Special computer algorithms can help doctors to make rapid diagnoses of known diseases

Just like urine and blood, breath contains traces of the products of metabolism. Such products can also be signs of infection, inflammation or cancer. For their analysis, computational bioinformatics researchers at the Cluster of Excellence "Multimodal Computing and Interaction" at Saarland University developed special computer algorithms that can help doctors to make diagnoses quickly and reliably. The researchers will be giving a practical demonstration at Booth 34 in Pavilion 26 at Cebit. The computer fair takes place in Hanover from March 6 to 10.

Jan Baumbach is head of the research group "Computational Systems Biology" at the Cluster of Excellence in Saarbrücken. The group studies how to search efficiently and reliably through huge amounts of biomedical data, created through new analysis techniques, with the help of calculation methods from the field of computer science. In cooperation with the Korea Institute for Science and Technology Europe (KIST Europe), the bioinformatics researchers in Saarbrücken analyze doctors' examination results from various medical facilities, including clinics in Hemer, Homburg, Essen, Göttingen and Marburg, among others. Through clinical studies, the doctors analyze the respiration of patients with known diseases, such as lung cancer and infections.

"The technique of measurement has been perfected for several years," Jan Baumbach explains. "Now it's up to computer science to evaluate the measured results." His research group believes in calculation methods which are usually applied for machine learning in the field of artificial intelligence. Using these, they try to find models within the measured products of metabolism, so-called metabolites, which can identify the disease in a body like a fingerprint at a crime scene. "The huge problem is that we have a crime scene with millions of possible indicators, of which maybe only two or three are relevant" says Jan Baumbach. Thus, the bioinformatics researchers leave the decision as to which combination of metabolites indicates a disease to the specially-developed classification algorithms. Using the samples - which, for the human viewer, would be impossible to analyze - the algorithms learn training material that aids in automatically placing unknown data reliably into the categories "healthy" or "disease X."

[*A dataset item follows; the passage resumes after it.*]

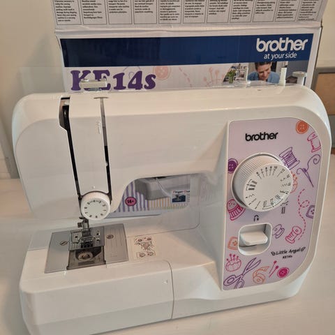 Den syr litt trått i tjukkere stoff og har litt trøbbel med å spole opp undertråd. Spoling av undertråden har eg løyst med å ta tråden to gongar rundt eine punktet ein trer tråden og det funkar veldig bra.
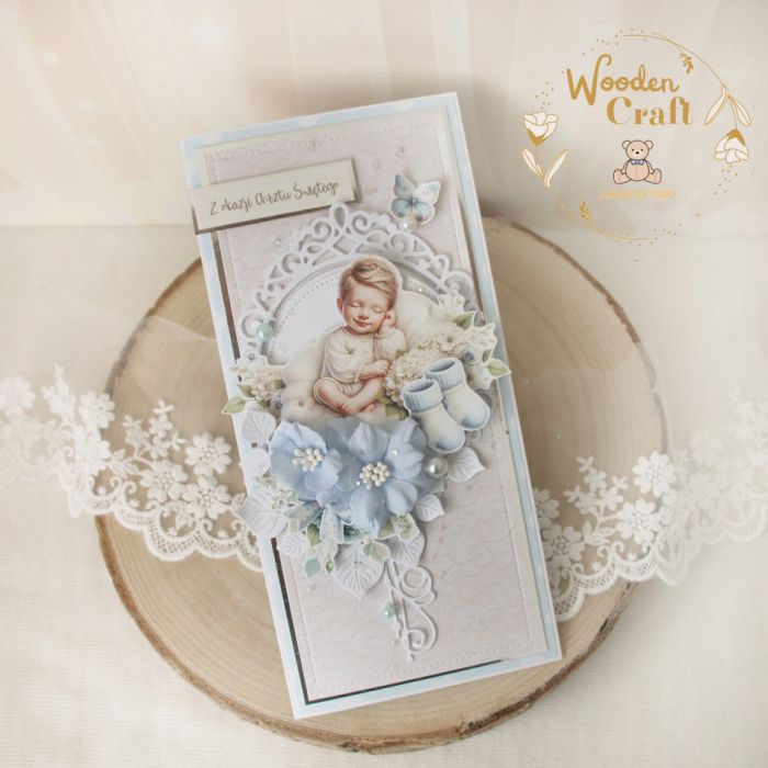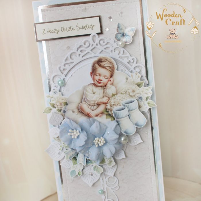 Przepiękna i delikatna, dziecięca kartka na chrzest święty, wykonana z cudownej kolekcji papierów "Cotton Candy", utrzymana w odcieniach błękitu, beżu i bieli z dodatkiem błyszczących, srebrnych akcentów. Kartka wykonana ręcznie z dbałością o każdy szczegół. Na środku znajduje się grafika uroczego, śpiącego chłopczyka, ozdobiona kompozycją kwiatową z ręcznie robioną, materiałową różyczką, dodatkowo zdobiona perełkami, iskrzącymi drobinkami, a także napisem "Z okazji Chrztu Świętego" (na życzenie mogę dodać również imię dziecka, lub całkowicie zmienić napis na inny).

"Chronic obstructive pulmonary disease (COPD), for example, can be analyzed very accurately, with a failure rate of under 5 percent," says Jan Baumbach. To be able to put the results to practical use, some more clinical studies have to be performed. However, the scientist is convinced of the success of the idea. In five years, he thinks the necessary hardware will fit into a smart phone, replacing the current 18-kilogram machines. With the appropriate algorithms, bacteria and tumors (for example) could be detected more quickly and reliably, blood glucose levels could be measured through breathing into the smart phone.